■ What the task asks: Restate, word for word and with no pictures, the stretch of lines in the data below that begins at the line with "Continuez à travailler" and ends at the line with "Lot # 81 - Bohemian Red Cut Glass Vases", inclusive.

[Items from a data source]

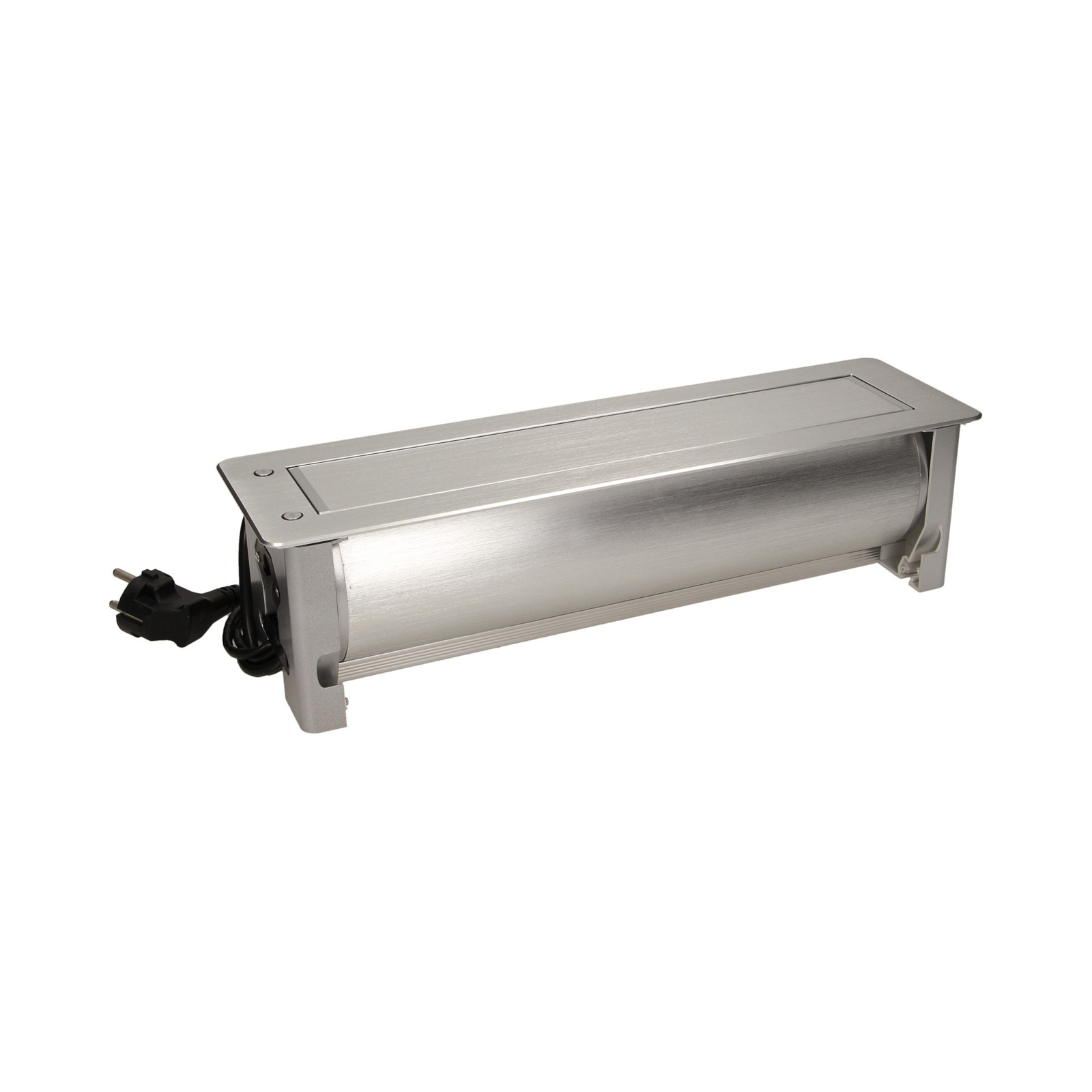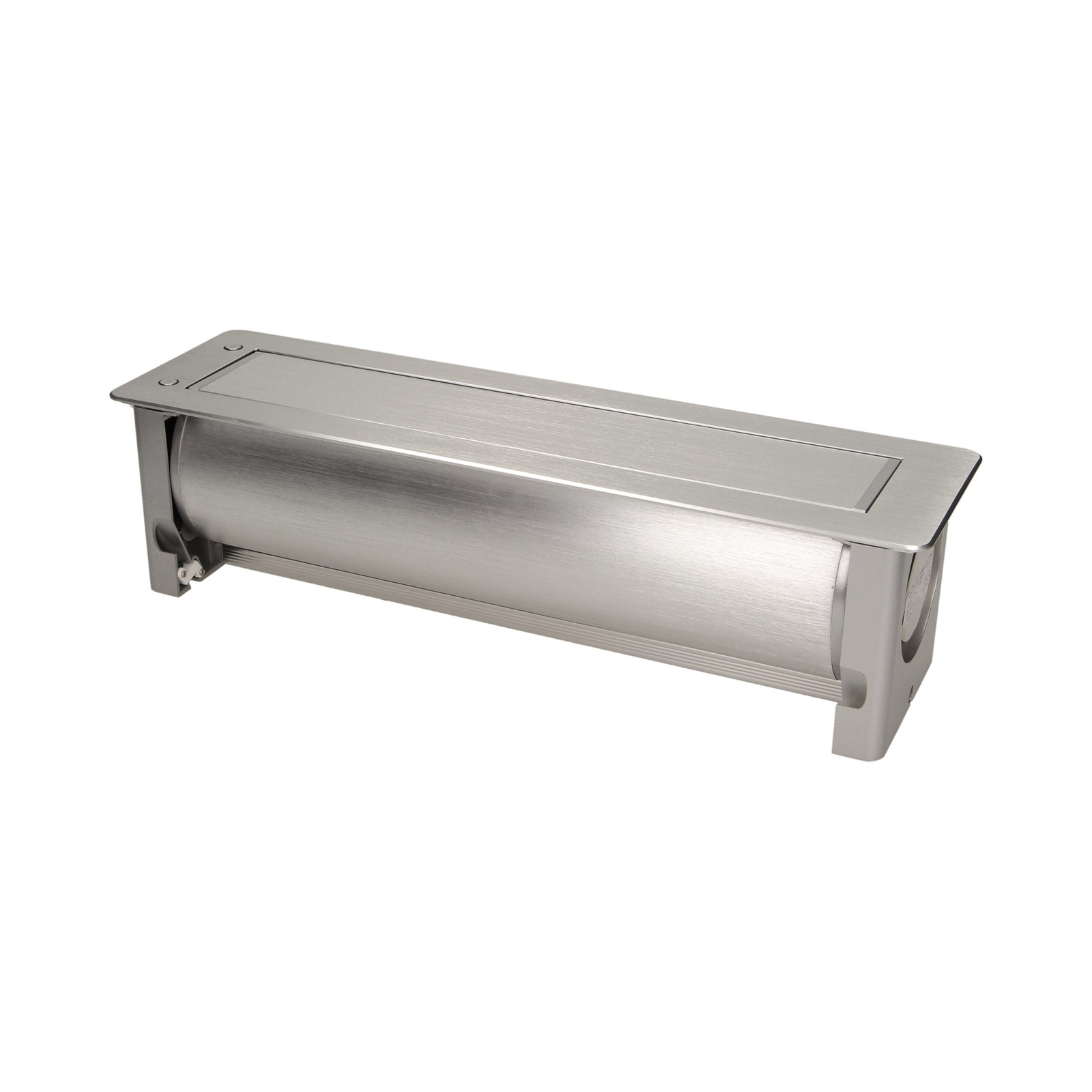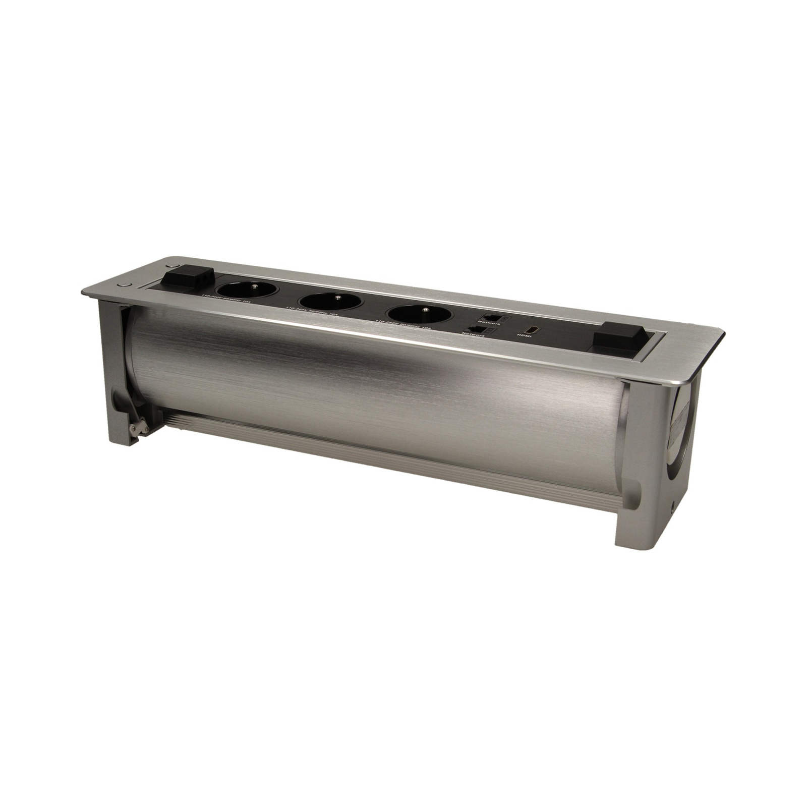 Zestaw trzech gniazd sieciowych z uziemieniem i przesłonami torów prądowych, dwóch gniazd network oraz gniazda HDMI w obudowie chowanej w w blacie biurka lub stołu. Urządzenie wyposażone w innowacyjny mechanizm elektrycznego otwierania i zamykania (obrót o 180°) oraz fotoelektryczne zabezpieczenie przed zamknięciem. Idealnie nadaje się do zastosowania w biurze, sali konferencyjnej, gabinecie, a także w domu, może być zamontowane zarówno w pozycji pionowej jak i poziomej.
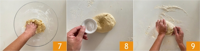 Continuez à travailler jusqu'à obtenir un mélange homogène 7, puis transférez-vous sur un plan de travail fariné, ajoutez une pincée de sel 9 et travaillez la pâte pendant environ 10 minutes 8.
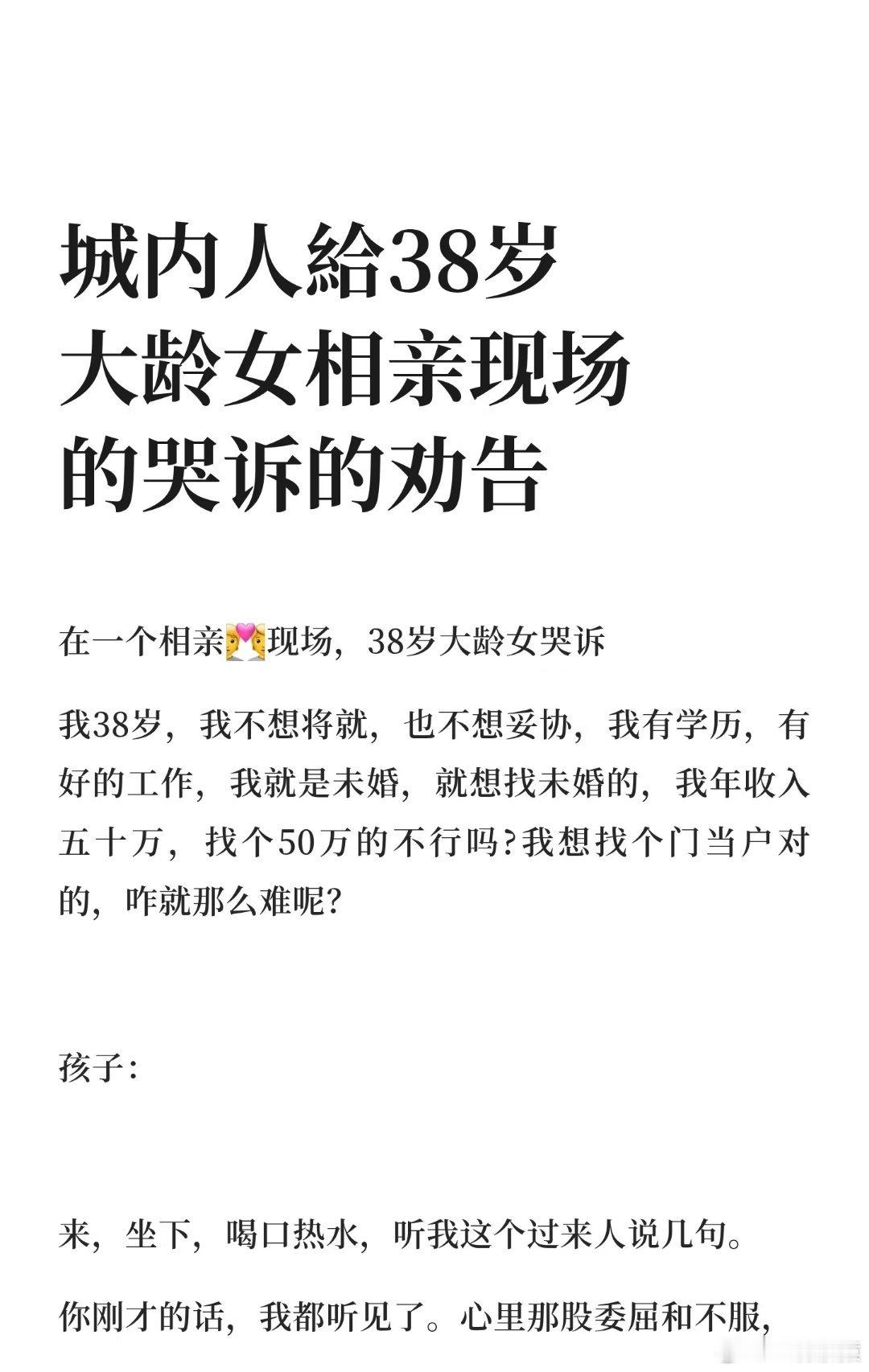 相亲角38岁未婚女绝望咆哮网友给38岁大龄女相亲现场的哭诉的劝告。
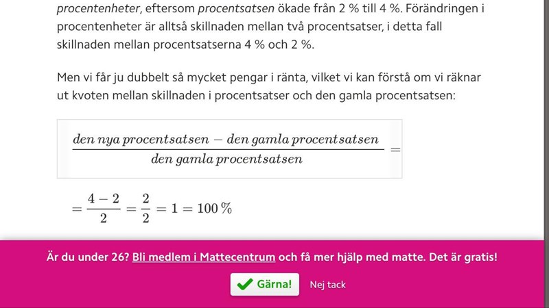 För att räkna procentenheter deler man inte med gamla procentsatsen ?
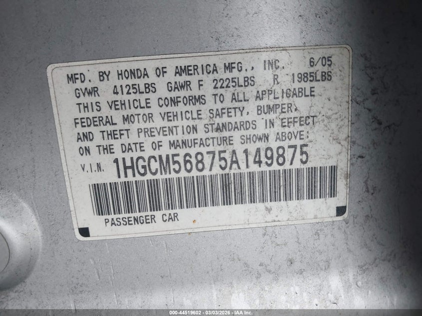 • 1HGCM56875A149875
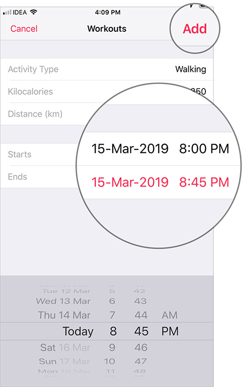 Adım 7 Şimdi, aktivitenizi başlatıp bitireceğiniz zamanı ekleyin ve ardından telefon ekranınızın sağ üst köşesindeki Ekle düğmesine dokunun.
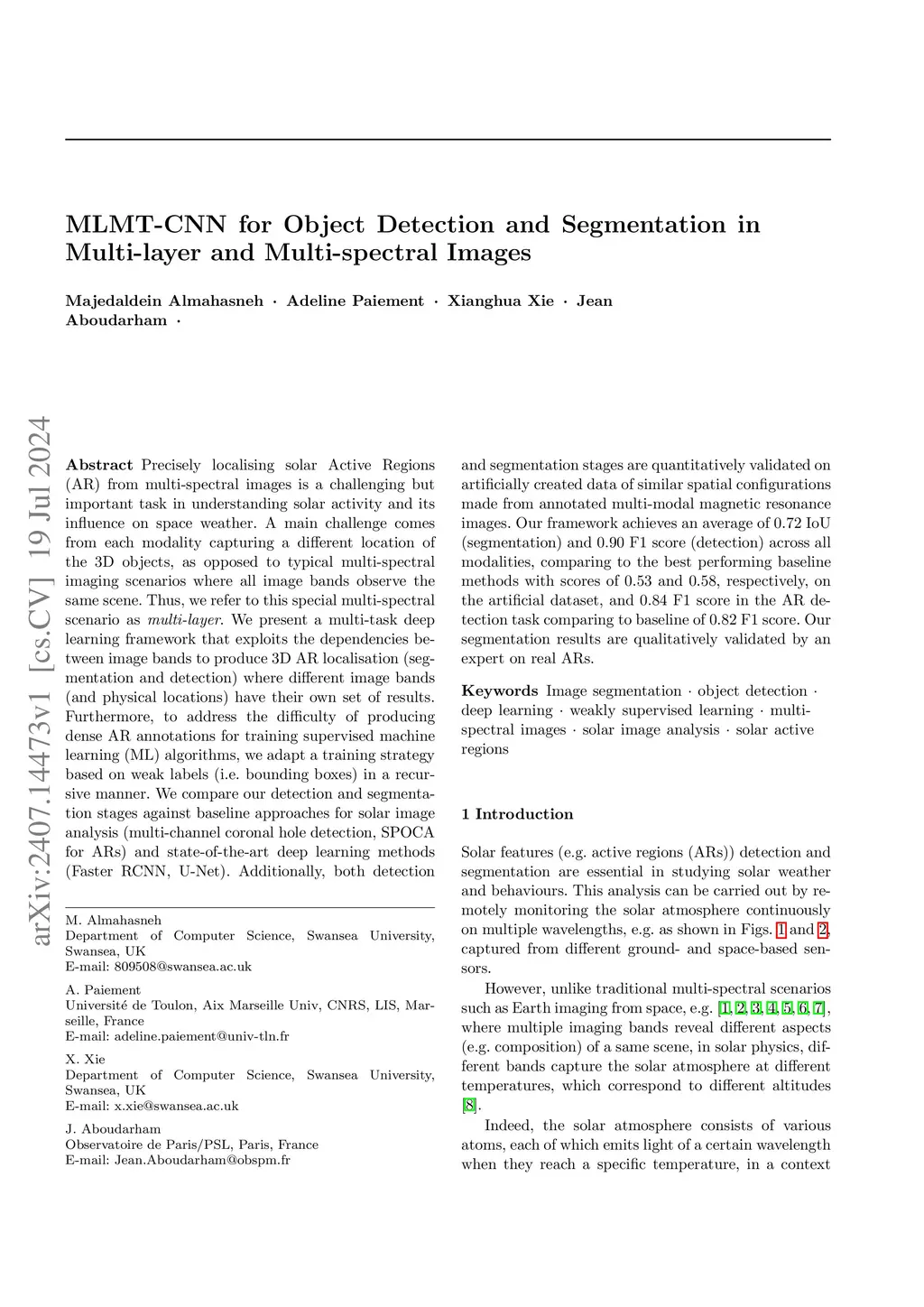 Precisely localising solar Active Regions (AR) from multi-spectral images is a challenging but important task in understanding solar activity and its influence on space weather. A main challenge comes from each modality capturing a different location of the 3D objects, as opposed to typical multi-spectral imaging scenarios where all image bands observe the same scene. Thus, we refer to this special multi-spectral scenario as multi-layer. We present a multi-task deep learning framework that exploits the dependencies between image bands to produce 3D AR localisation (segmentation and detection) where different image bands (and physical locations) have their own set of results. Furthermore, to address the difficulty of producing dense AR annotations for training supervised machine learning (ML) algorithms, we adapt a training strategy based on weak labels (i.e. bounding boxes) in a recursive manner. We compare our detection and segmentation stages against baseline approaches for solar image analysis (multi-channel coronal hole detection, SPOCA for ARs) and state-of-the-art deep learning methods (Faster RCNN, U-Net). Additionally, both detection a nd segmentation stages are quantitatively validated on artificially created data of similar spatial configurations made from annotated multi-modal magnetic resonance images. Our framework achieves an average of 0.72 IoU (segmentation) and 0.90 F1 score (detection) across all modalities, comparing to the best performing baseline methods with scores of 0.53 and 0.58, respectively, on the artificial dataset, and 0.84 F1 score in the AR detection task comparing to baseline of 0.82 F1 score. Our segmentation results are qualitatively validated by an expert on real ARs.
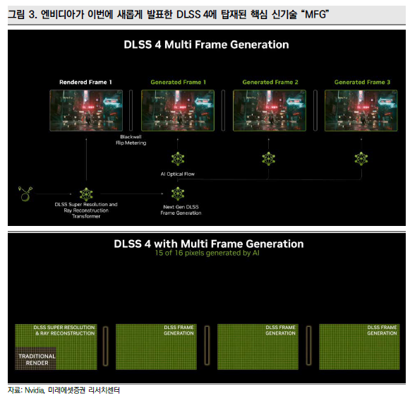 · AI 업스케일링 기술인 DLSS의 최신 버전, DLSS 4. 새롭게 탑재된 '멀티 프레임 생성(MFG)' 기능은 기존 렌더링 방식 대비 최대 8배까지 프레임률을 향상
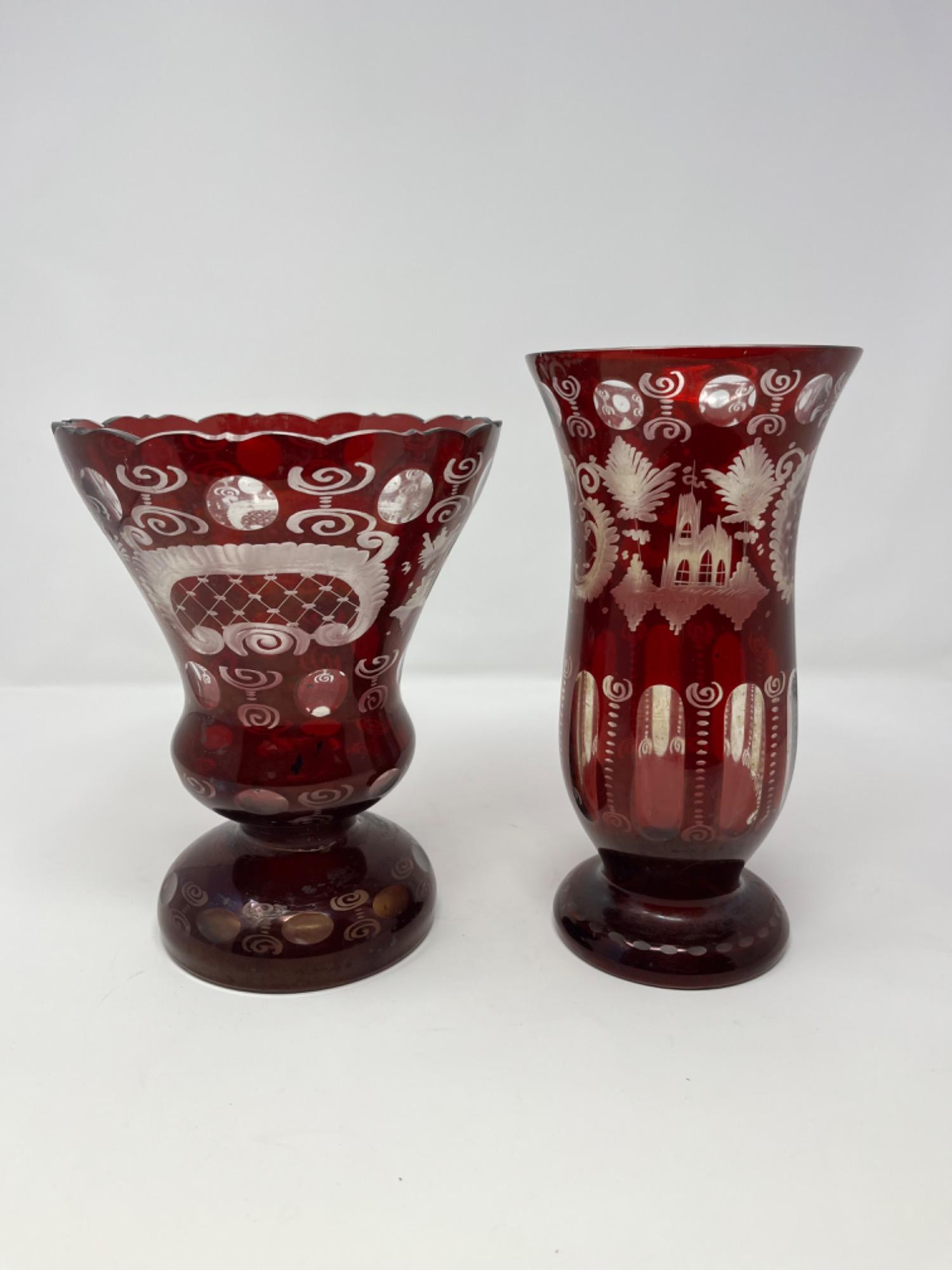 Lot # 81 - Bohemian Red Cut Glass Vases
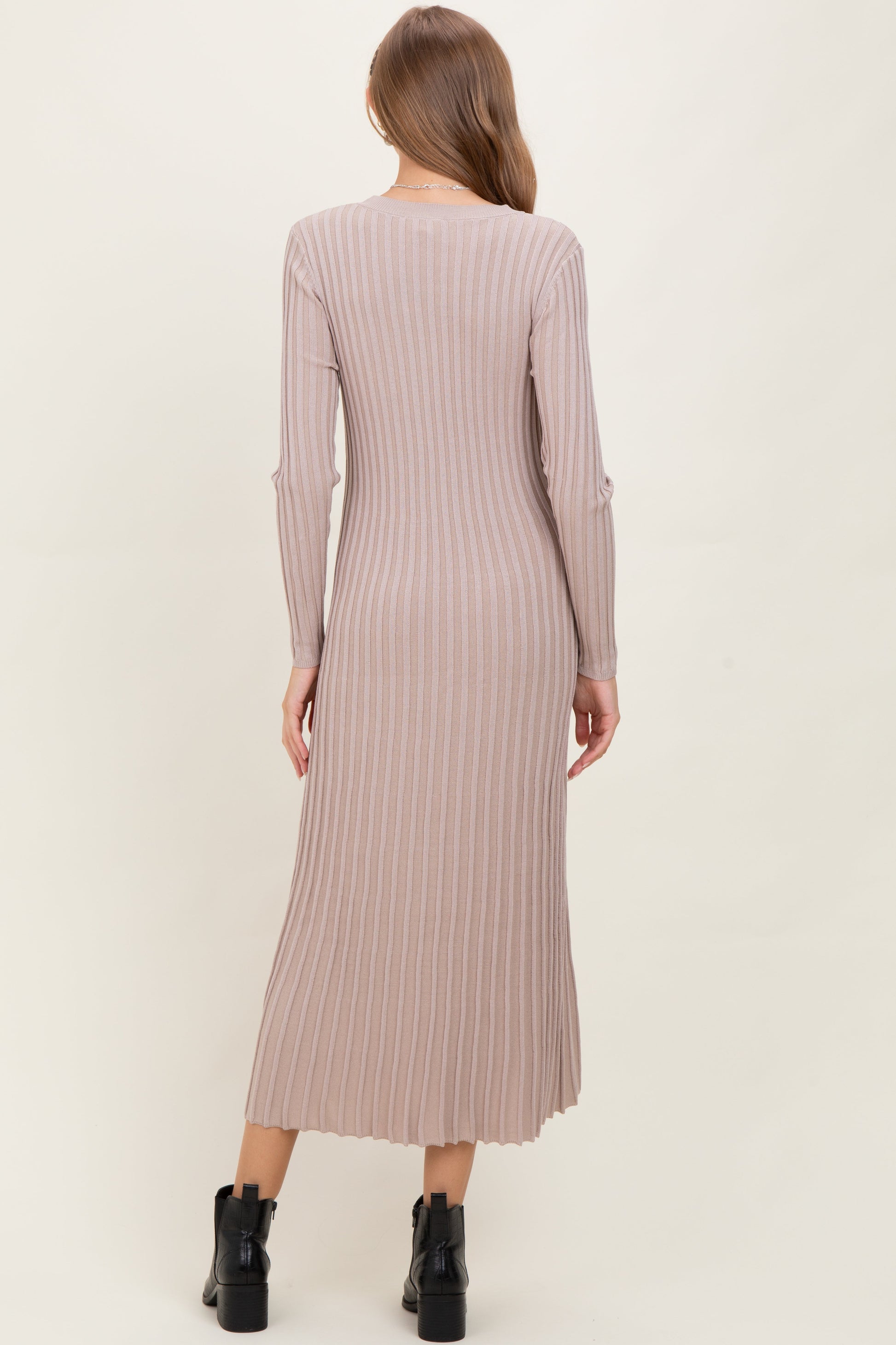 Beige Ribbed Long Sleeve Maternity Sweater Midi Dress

■ Written response:
 Continuez à travailler jusqu'à obtenir un mélange homogène 7, puis transférez-vous sur un plan de travail fariné, ajoutez une pincée de sel 9 et travaillez la pâte pendant environ 10 minutes 8.
 相亲角38岁未婚女绝望咆哮网友给38岁大龄女相亲现场的哭诉的劝告。
 För att räkna procentenheter deler man inte med gamla procentsatsen ?
 • 1HGCM56875A149875
 Adım 7 Şimdi, aktivitenizi başlatıp bitireceğiniz zamanı ekleyin ve ardından telefon ekranınızın sağ üst köşesindeki Ekle düğmesine dokunun.
 Precisely localising solar Active Regions (AR) from multi-spectral images is a challenging but important task in understanding solar activity and its influence on space weather. A main challenge comes from each modality capturing a different location of the 3D objects, as opposed to typical multi-spectral imaging scenarios where all image bands observe the same scene. Thus, we refer to this special multi-spectral scenario as multi-layer. We present a multi-task deep learning framework that exploits the dependencies between image bands to produce 3D AR localisation (segmentation and detection) where different image bands (and physical locations) have their own set of results. Furthermore, to address the difficulty of producing dense AR annotations for training supervised machine learning (ML) algorithms, we adapt a training strategy based on weak labels (i.e. bounding boxes) in a recursive manner. We compare our detection and segmentation stages against baseline approaches for solar image analysis (multi-channel coronal hole detection, SPOCA for ARs) and state-of-the-art deep learning methods (Faster RCNN, U-Net). Additionally, both detection a nd segmentation stages are quantitatively validated on artificially created data of similar spatial configurations made from annotated multi-modal magnetic resonance images. Our framework achieves an average of 0.72 IoU (segmentation) and 0.90 F1 score (detection) across all modalities, comparing to the best performing baseline methods with scores of 0.53 and 0.58, respectively, on the artificial dataset, and 0.84 F1 score in the AR detection task comparing to baseline of 0.82 F1 score. Our segmentation results are qualitatively validated by an expert on real ARs.
 · AI 업스케일링 기술인 DLSS의 최신 버전, DLSS 4. 새롭게 탑재된 '멀티 프레임 생성(MFG)' 기능은 기존 렌더링 방식 대비 최대 8배까지 프레임률을 향상
 Lot # 81 - Bohemian Red Cut Glass Vases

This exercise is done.